REINFORCE with Baseline
- class rlforge.agents.policy_gradient.reinforce.REINFORCEAgent(num_actions, dims_ranges, alpha_theta=0.002, alpha_w=0.002, discount=0.99, iht_size=4096, num_tilings=8, num_tiles=8, baseline=False, wrap_dims=())
REINFORCE (Monte Carlo Policy Gradient) Agent for discrete action spaces.
This agent implements the REINFORCE algorithm using linear function approximation over tile-coded features. It supports both vanilla REINFORCE and REINFORCE with a baseline.
Vanilla REINFORCE (baseline=False): Uses Monte Carlo return G_t as the update factor.
REINFORCE with Baseline (baseline=True): Uses advantage A_t = G_t - V(s_t, w) as the update factor.
Parameters
- num_actionsint
Number of discrete actions available in the environment.

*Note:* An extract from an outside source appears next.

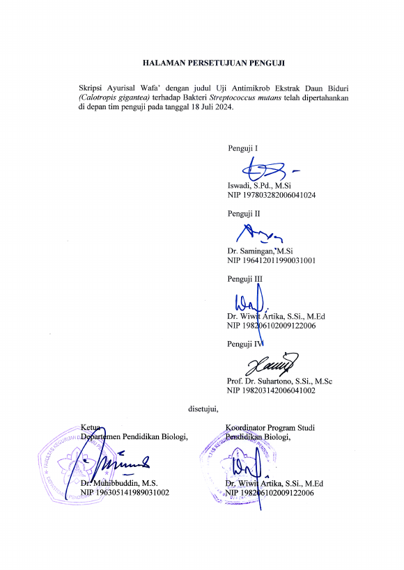 Baca Juga : AKTIVITAS ANTIBAKTERI EKSTRAK ETANOL 70% DAUN BIDURI (CALOTROPIS GIGANTEA) TERHADAP AGGREGATIBACTER ACTINOMYCETEMCOMITANS ATCC 29523 (MAYA PUTRI SINDA, 2019)
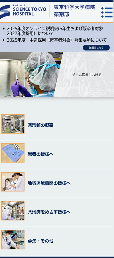 WORKS 制作実績 HOME 制作実績 東京科学大学 薬剤部 東京科学大学 薬剤部 クライアント 東京科学大学 薬剤部 URL http://www.tmd.ac.jp/medhospital/medicine/ サイトタイプ 医療系サイト 作業内容 design cording responcive 一覧へ戻る 関連実績 東京科学大学 疾患バイオリソースセンター 医療系サイト 茨城県立こころの医療センター 医療系サイト 東京科学大学病院 心臓血管外科 医療系サイト CONTACT ホームページ制作に関するお悩みがある方はお気軽にご相談ください。 あああああああああああああああああああああああああああああああああああああああああああああ お問い合わせ ご相談やお見積もりご希望の方向けに、メールでのお問い合わせも承っております。こちらのフォームからお問い合わせください。

- dims_rangeslist of tuple
Ranges for each state dimension, used by the tile coder.
- alpha_thetafloat, optional
Policy step size (default=2e-3).
- alpha_wfloat, optional
Baseline step size (default=2e-3). Only used if baseline=True.
- discountfloat, optional
Discount factor γ applied to future rewards (default=0.99).
- iht_sizeint, optional
Size of the index hash table for tile coding (default=4096).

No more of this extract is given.